Got mine for $279 plus about $20-$30 in modifications. Can't beat it IMHO


----------



## smokey mic nick (Sep 28, 2014)

thanks for the fast reply! I'll do some research on that one and see what I turn up. I found oklahoma joes longhorn smoker on here. Seems like it might be a little more than what I want to spend but I haven't seen a bad review about it yet. Any thoughts on it?​


----------



## dtj16 (Sep 28, 2014)

Loll just below our posts and you'll see the TMLE forum/ thread.  I had a pellet for about a month and a half, it died.  Wife trying to surprise me. So I was able to go buy what I wanted, a real smoker. And price was a factor for me too.  Let me know if you need any direction or tips.


----------



## venture (Sep 28, 2014)

I once had a friend who loved his camp trailers.  He always said to buy your first couple of trailers used to learn what you really want before laying out the big bucks for your dream trailer.

The horizontal offset is a good choice to enter the hobby at a budget price.

Good luck and good smoking.


----------



## smokey mic nick (Sep 29, 2014)

dtj16 said:


> Loll just below our posts and you'll see the TMLE forum/ thread.  I had a pellet for about a month and a half, it died.  Wife trying to surprise me. So I was able to go buy what I wanted, a real smoker. And price was a factor for me too.  Let me know if you need any direction or tips.





dtj16 said:


> Loll just below our posts and you'll see the TMLE forum/ thread.  I had a pellet for about a month and a half, it died.  Wife trying to surprise me. So I was able to go buy what I wanted, a real smoker. And price was a factor for me too.  Let me know if you need any direction or tips.
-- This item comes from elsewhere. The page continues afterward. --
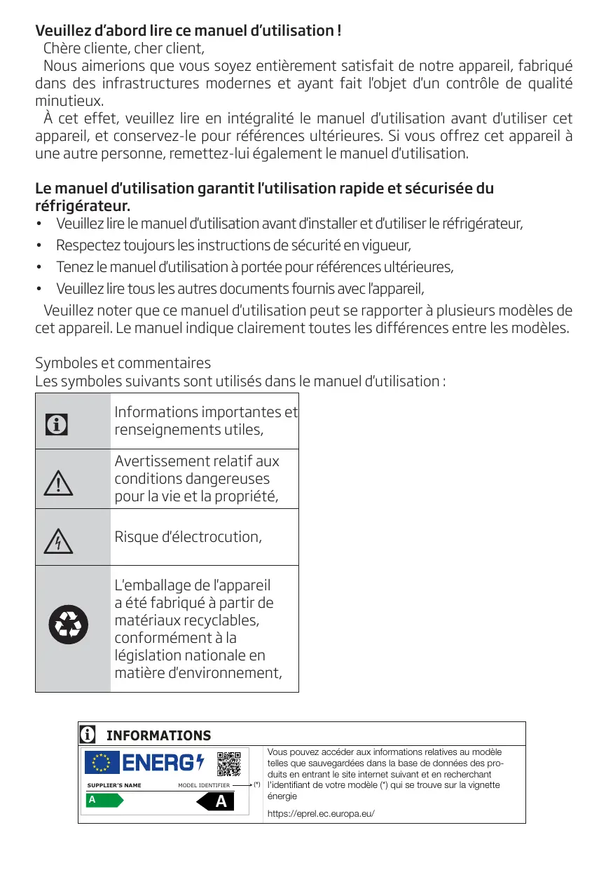 Le manuel d'utilisation garantit l'utilisation rapide et sécurisée du réfrigérateur. + Veuillezlire le manuel d'utilisation avant d'installer et d'utiliser le réfrigérateur,

What mods did you do to the smoker you just got? I'm not real big on modding something I just paid a lot of money for


----------



## smokeburns (Sep 29, 2014)

When I first got my oklahoma joe I had to do some intense baby sitting to try to keep the temps low. It kept wanting to shoot p to 300/400 degrees. So I had added a baffle and made some diffuser plates from ceramic tile. And now it purs at 225/250. Actually have to open vents all the way to get it at 250. The mods wasn't hard at all nor expensive.


----------



## smokey mic nick (Sep 29, 2014)

Appreciate all the info guys! But I know there's gotta be more than those two smokers for around 300 and good quality. Or am I wrong?


----------



## dtj16 (Sep 29, 2014)

Look at the Acorn Kamado at HD or Lowes. Similar in function to a green egg, 1/3 the cost.  And people swear they make great good


----------



## dtj16 (Sep 29, 2014)

You can go cheaper but you'll regret it.


----------



## dtj16 (Sep 29, 2014)

Entry level is tough and I'll go ahead and tell you most guys- even spending 4,5,600 dollars and up still modify theirs in some way. Just part of it from what I've seen and learned here.


----------



## nptwnsmkr (Sep 29, 2014)

IMO you cant go wrong with a WSM. The 18.5" is $300 and for another $100 you can get the 22.5".  The WSM is very easy to learn on, doesn't require any mods to perform well and the Weber quality is hard to beat. It does have some limitations with cooking area and accessing the bottom grate-my 0.02


----------



## kc5tpy (Sep 29, 2014)

Hello.  The reason your friends are not getting the flavour from their propane smokers is probably because they don't add any smoke to their cooks.  For 6 people and entry level I would say go with a 22" Weber kettle.  The Weber also has a coating on it that protects it from rust.  I used an offset for many, many years but look at the size of them.  That is a lot of metal to heat up for what, a turkey, two chickens?  IMHO if you buy a big offset you will still need a smaller smoker and something you can use for grilling.  That's why many of us have 3 or more smokers.  I have 4 ( 2 Webers ) and planning to build a 5th.  Many folks have more.  I can easily smoke a butt or 12-15lb brisket on my kettle.  I think that should feed six people.  I can also use it for hot and fast grilling of steaks.  The Kettles are well made and will last for years with a little maintenance.  DO NOT go for a cheaper "knockoff".  I wish I had bought mine years ago!  The only mod I have done to my Webers is to put wooden handles on the vents ( kept burning my fingers 
	

	
	
		
		



		
			






  ).  Just what I would suggest to start with.  Once you get hooked I am sure you will buy others.  Keep Smokin!

Danny


----------



## themule69 (Sep 29, 2014)

I say WSM for your budget. You can do about anything you want with it.

Happy smoken.

David


----------



## smokey mic nick (Sep 30, 2014)

Thanks everyone. After reading countless reviews of the WSM I think that's what I'm gonna go with. It's gonna be the perfect size and it's right in my budget for my first smoker.


----------